Will the NDP now be able to help build a majority realignment to replace Harper? Clearly Mulcair is more of a traditional “politico” and he may try to “go it alone”, without co-operating with the Liberals and Greens. This might bode well for Harper’s attackers, who will try to make Mulcair and not Canada’s future into the issue. But Cullen winning 25% support suggests that positive reaching out and strategic cooperation are intertwined. A recent poll even shows winning support for joint NDP-Liberal candidates, though it’s lower among NDP supporters. Cullen was also the most “Green” candidate, which bodes well for realignment embracing ecological sustainability as the foundation for democracy and justice.

But the vision of realignment remained obscure, though Ashton’s youthful “new politics” was a start. So a renewed progressive vision remains a work in progress. But it became clear that creating majority realignment is not about a left-right split in the NDP. Those wanting to stay the course with Topp clearly don’t have a monopoly on progressive alliance-building. Cullen’s campaign may help show the way.

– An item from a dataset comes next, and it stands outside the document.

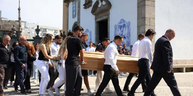 La ceremonia fue oficiada en el lugar de nacimiento de los futbolistas y donde se reunieron sus familiares y amigos de profesión. Entre ellos destacó la presencia de su mejor amigo, Rubén Neves, quien en menos de 24 horas viajó desde Estados Unidos tras terminar su participación en el Mundial de Clubes con el Al Hilal y que llegó al funeral para ayudar a cargar el ataúd.

Past leader Ed Broadbent’s interventions in support of Topp, as the only one carrying the social democratic banner, misread what is actually happening with the democratization and greening of the NDP, post-Jack Layton. It’s probably no accident that both Premiers Romanow and Calvert endorsed Topp. The historic crisis facing Canada under Harper’s rule, however, can’t be resolved by staying the course; certainly not along the lines of the longest-governing, Saskatchewan NDP.

GREENING THE NDP

The NDP has been slow to “green”. This in part results from social democratic ideology seeing social justice as simply redistributing the fruits of capitalist industrialization. There are serious matters of value and policy to resolve here if Canada is to become governed by a progressive majority. One example: though the federal NDP membership overwhelmingly supports phasing-out nuclear power, it was an NDP government using social democratic justifications like public ownership of resources that propelled Saskatchewan to be the largest uranium-exporting region on the planet. This was rationalized as “jobs and growth at any cost” much as Harper rationalizes the Northern Gateway pipeline. Another example: while NDP leadership candidates all attacked Harper’s science-denying on climate change, the highest per capita greenhouse gases in all Canada are in Saskatchewan where NDP governments for decades oversaw the crown expansion of coal plants and export of nuclear fuel.

NDP self-righteousness can itself be deceptive. And, yes, of course we can and should still take pride for being the founding province for Medicare. But that happened almost 50 years ago just after the NDP was formed. There remains much to sort out inside and outside the NDP if Mulcair’s victory is to be a step along the road to a majority-voting realignment.